[INSTRUCTIONS TO FOLLOW]: Could you copy every entry exactly, dropping the pictures?

Stored records:
------------

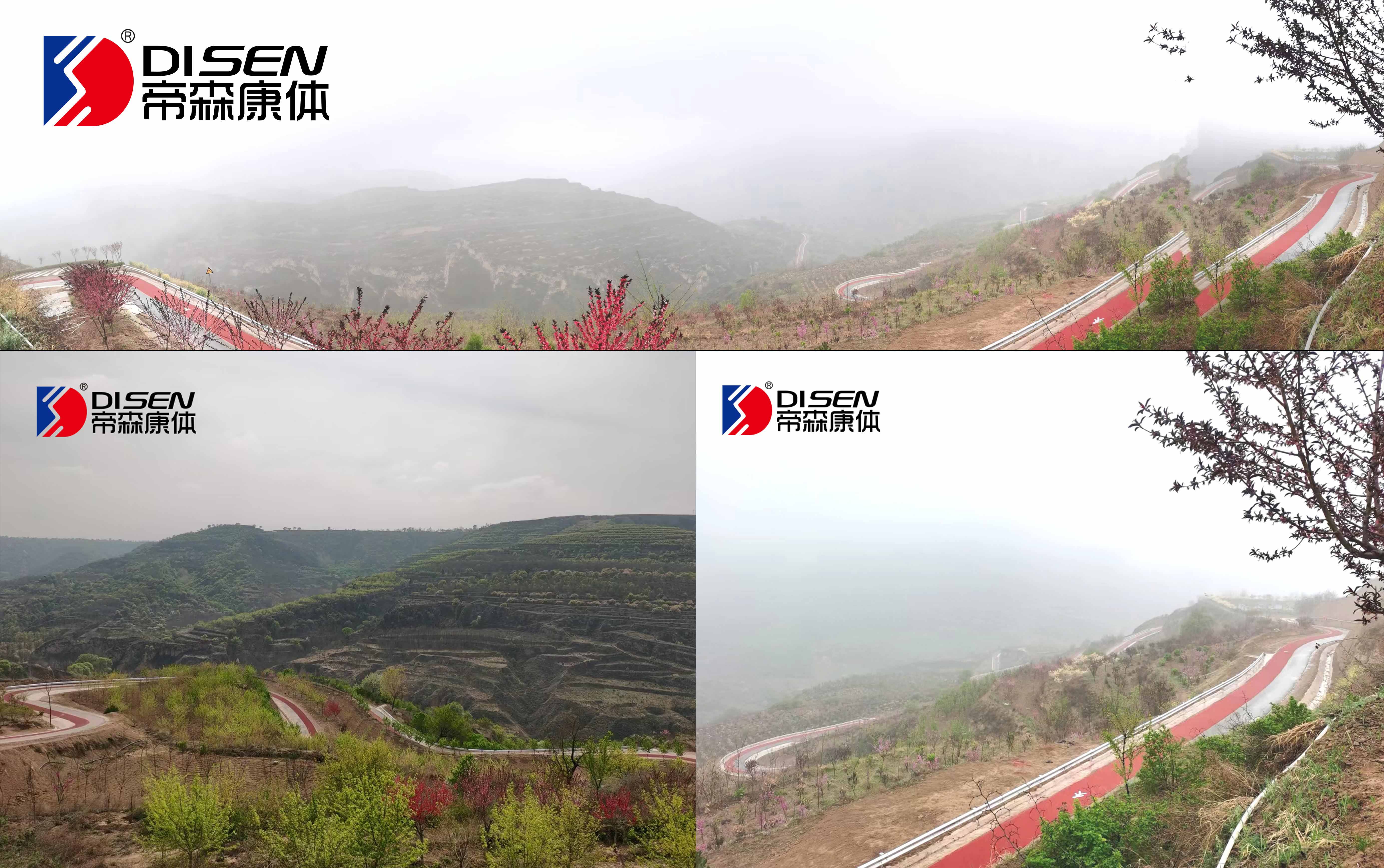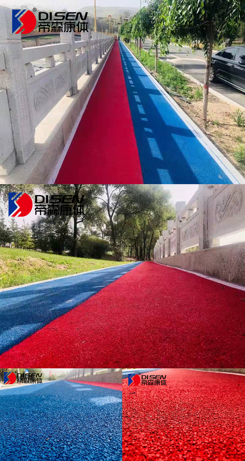 該健身步道占地4000㎡,采用廣州帝森牌單組份膠水II型及硅PU塑膠材料等系列材料,紅藍(lán)色調(diào),炫彩靚麗,蜿蜒向前延升,帶領(lǐng)著全民為健康而向前。
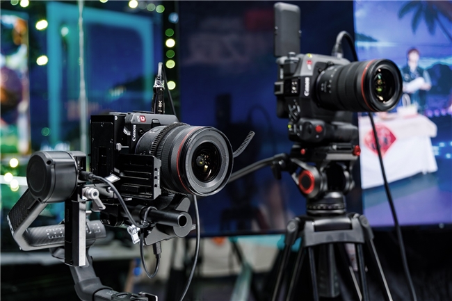 為滿足嚴(yán)苛的畫面要求,佳能“佳直播”部署了以佳能EOS C80和EOS C50組成的雙機(jī)位娛樂團(tuán)播直播解決方案,主機(jī)位采用的是EOS C80搭配RF15-35mm F2.8 L IS USM,游機(jī)位采用的是EOS C50搭配RF14-35mm F4 L IS USM。
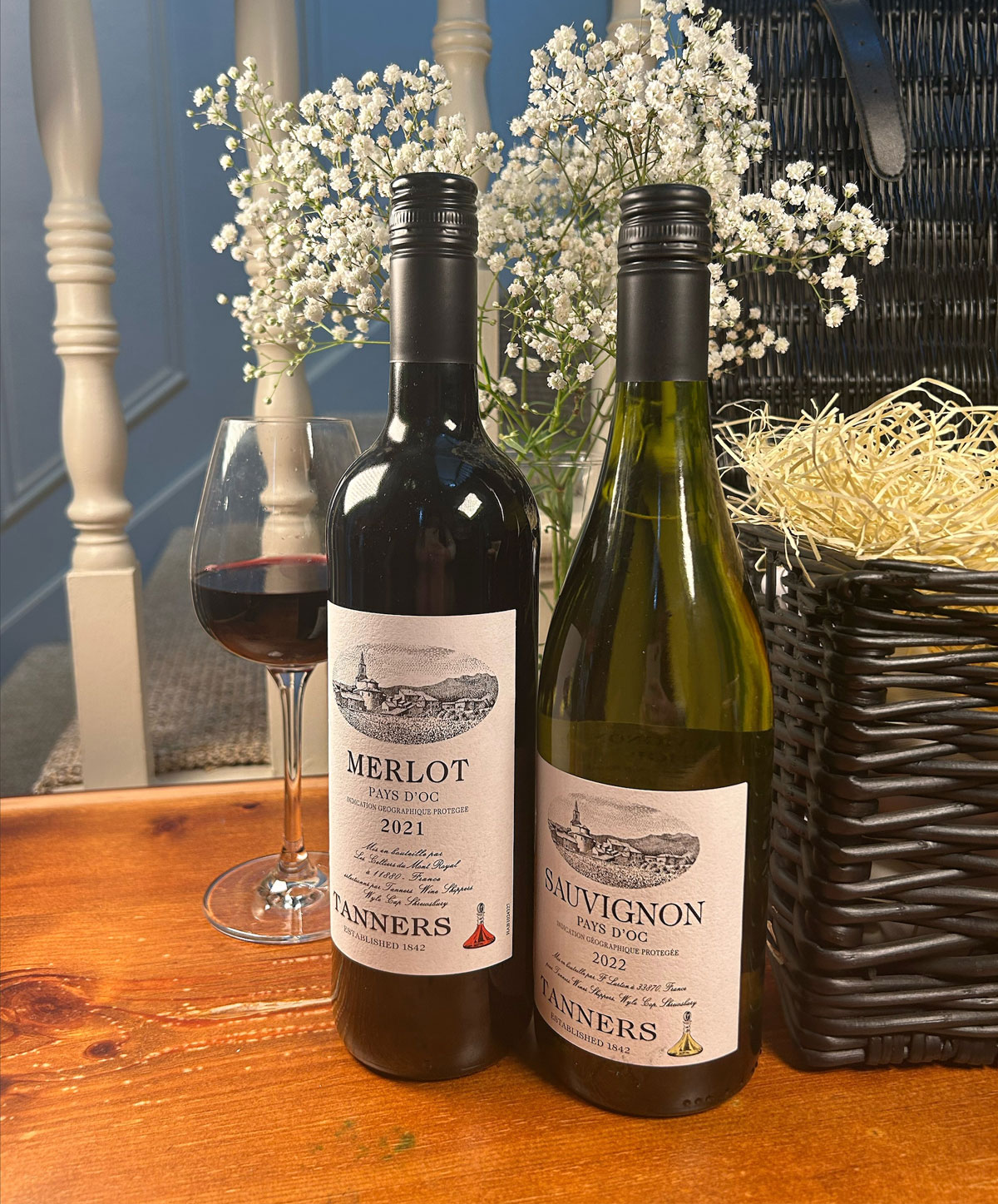 200g Snowdonia Green Thunder cheese, 200g Snowdonia Black bomber cheese, 550g Drivers mini onions, 115g Peters yard sourdough sea salt flatbread, 200g Peters yard sourdough artisan crispbread, Buiteman's sun dried tomato biscuits, 200ml Charlie & Ivy's smoked garlic & Black pepper bread dipper, 200g Farmhouse lemon biscuits, 340g Apley seville marmalade, 350g Apley strawberry preserve, 311g Apley lemon curd, 311g Apley Shropshire pickle, 320g Butlers chocolate box 75cl Tanners Sauvignon Pays D'oc and 75cl Tanners Merlot Pay's D'oc.
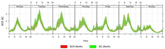 On the one hand, in the northern site, there were daily concentrations (Annual average BC = 1.11 µg m−3) that can be considered low. However, in this area, there are also very high levels of continuous emissions during certain intervals of the day between 5 h and 12 h generated by specific fixed sources that can contribute to respiratory, cardiovascular, or reproductive diseases, mainly at a chronic level for the population of the area.
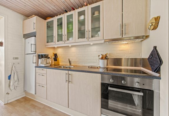 Im Erdgeschoss befindet sich zudem der offene Wohnbereich mit Küche und schöner Fensterfront. Die gut ausgestattete Küche lädt zum gemeinsamen Kochen ein. Am Essplatz könnt ihr die selbstgekochten Speisen genießen oder auch einen Spieleabend veranstalten. Das bequeme Sofa lädt zum Fernsehen ein und der elektrische Kamin sorgt dabei für eine hyggelige Stimmung.

------------

[ANSWER TO THE EXERCISE]:
 該健身步道占地4000㎡,采用廣州帝森牌單組份膠水II型及硅PU塑膠材料等系列材料,紅藍(lán)色調(diào),炫彩靚麗,蜿蜒向前延升,帶領(lǐng)著全民為健康而向前。
 為滿足嚴(yán)苛的畫面要求,佳能“佳直播”部署了以佳能EOS C80和EOS C50組成的雙機(jī)位娛樂團(tuán)播直播解決方案,主機(jī)位采用的是EOS C80搭配RF15-35mm F2.8 L IS USM,游機(jī)位采用的是EOS C50搭配RF14-35mm F4 L IS USM。
 200g Snowdonia Green Thunder cheese, 200g Snowdonia Black bomber cheese, 550g Drivers mini onions, 115g Peters yard sourdough sea salt flatbread, 200g Peters yard sourdough artisan crispbread, Buiteman's sun dried tomato biscuits, 200ml Charlie & Ivy's smoked garlic & Black pepper bread dipper, 200g Farmhouse lemon biscuits, 340g Apley seville marmalade, 350g Apley strawberry preserve, 311g Apley lemon curd, 311g Apley Shropshire pickle, 320g Butlers chocolate box 75cl Tanners Sauvignon Pays D'oc and 75cl Tanners Merlot Pay's D'oc.
 On the one hand, in the northern site, there were daily concentrations (Annual average BC = 1.11 µg m−3) that can be considered low. However, in this area, there are also very high levels of continuous emissions during certain intervals of the day between 5 h and 12 h generated by specific fixed sources that can contribute to respiratory, cardiovascular, or reproductive diseases, mainly at a chronic level for the population of the area.
 Im Erdgeschoss befindet sich zudem der offene Wohnbereich mit Küche und schöner Fensterfront. Die gut ausgestattete Küche lädt zum gemeinsamen Kochen ein. Am Essplatz könnt ihr die selbstgekochten Speisen genießen oder auch einen Spieleabend veranstalten. Das bequeme Sofa lädt zum Fernsehen ein und der elektrische Kamin sorgt dabei für eine hyggelige Stimmung.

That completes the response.